High-dimensional efficiency. In order to improve the efficiency of the algorithm in the high-dimensional space, the nonlinear mapping to the high-dimensional space can be replaced by the kernel function in the SVM training process [39]. Simple calculation. Compared with some traditional classification methods, SVM does not use the law of large numbers, probability measure and other more complex operation theorems, which greatly simplifies the calculation process. Avoid dimensional disasters. The determinant of SVM training results is the global support vector, which is a small proportion of the sample dataset. Specifically, the spatial dimension of the dataset does not play a decisive role in the computational complexity of the algorithm. Only the size of the support vector set affects the complexity of the algorithm, which avoids the “dimension disaster” caused by too many dimensions.
Whereas, SVM has several disadvantages.
SVM is difficult to implement for large-scale training samples. This is because the SVM algorithm uses quadratic programming to obtain the support vectors, which involves the calculation of m-exponent matrix. Thus it will consume a lot of machine memory and operation time when the matrix exponent is large [9, 43]. The general SVM algorithms have a bad performance on multi-class classification [44, 45]. But there are several specified SVM algorithms support muli-class classification with specified methods, such as LibSVM. The effect of SVM algorithm has a great relationship with the selection of kernel function, so it is often necessary to try a variety of kernel functions. Even if the Gaussian kernel function with better effect is selected, the appropriate
Spark
Spark is a general big data computing platform developed by UC Berkeley AMP Lab. And Spark is implemented by scala functional programming language, and provides APIs of Java, Python and other languages for developing applications [46, 47]. Spark is fully compatible with Hadoop’s original ecosystem, and uses HDFS as a distributed storage system. Meanwhile, Spark’s memory-based computing model overcomes the shortcomings of Hadoop MapReduce in iterative computation and interactive data analysis. Spark puts the computational intermediate data in memory instead of disk, which has high efficiency of iterative operation. Moreover, Spark supports distributed parallel computing of DAG graph, which reduces the landing of data in the iterative process and improves the processing efficiency.

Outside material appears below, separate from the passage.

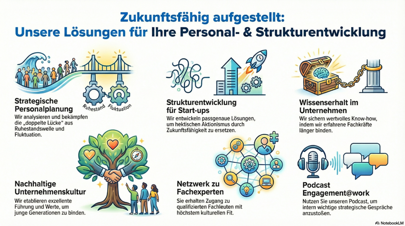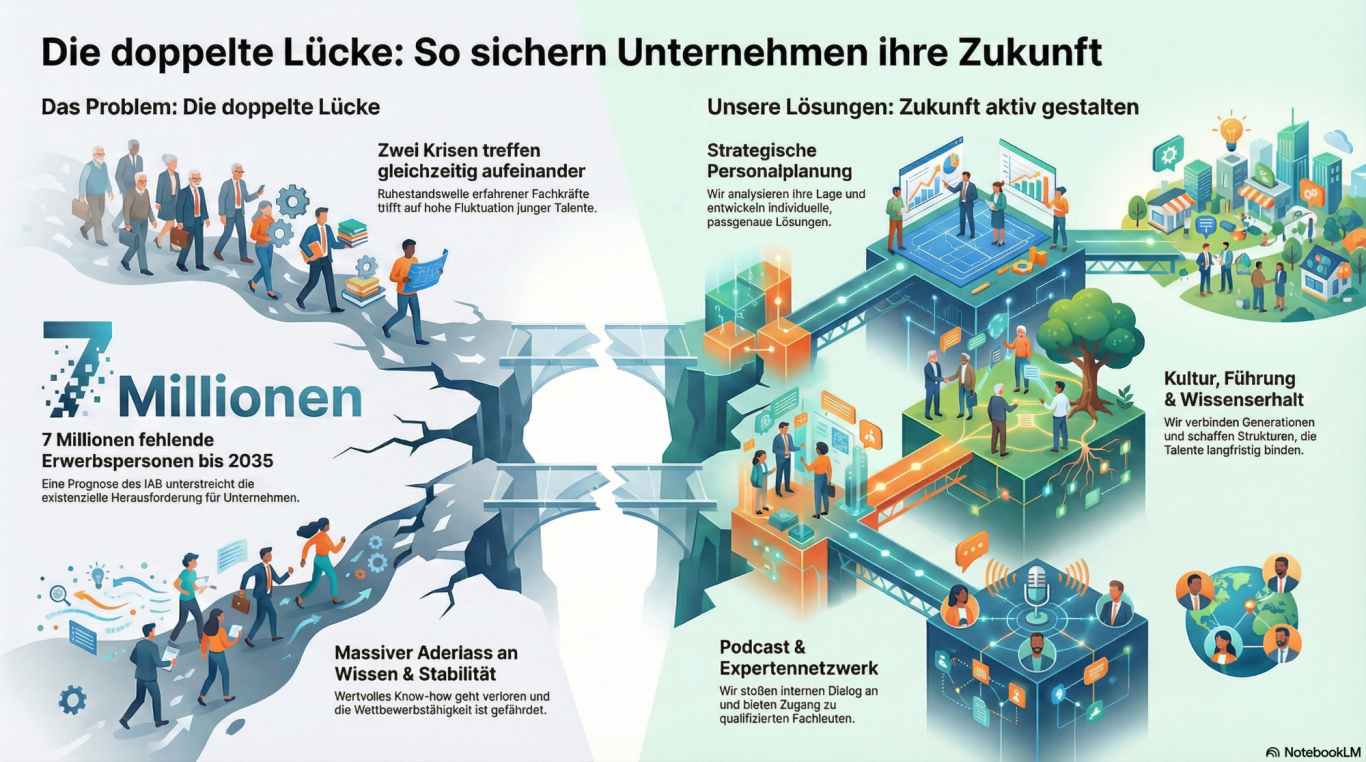 Für Sie als Interessent bedeutet unsere Strategie, dass wir uns auf die wirklichen Schlüsselthemen der Arbeitswelt fokussieren, wie die "doppelte Lücke" – der gleichzeitige Verlust erfahrener Fachkräfte und die hohe Fluktuation junger Talente.

The architecture of Spark is shown in Fig. 2, which mainly consists of four components: Cluster Manager, Worker Node, Driver and Executor [48].
Cluster Manager: The master node in standalone mode and the resource manager in YARN mode. Worker node: The worker node is a slave node in Standalone mode and a NodeManager in YARN mode. Driver: Running the main function of Application. Executor: A process runs on a worker node for an Application.
Spark architecture.
The Resilient Distributed Dataset (RDD) is the core of Spark’s data storage [49]. It allows efficient sharing of data in iterative computation. In addition, RDD is an essential metadata structure that provides a highly limited memory model. It records a set of read-only partition records and their logical structural mapping relationships. In Spark programming model, RDD is represented as an object, and is classified into two types, namely, transformations and actions. Transformations are inert operators, which generates new RDD after execution. Therefore, RDDs form an interdependent relationship with each other. In addition, action is the operator that actually triggers the execution of the program. It returns the public value type to the Driver program or exports the data to an external storage system.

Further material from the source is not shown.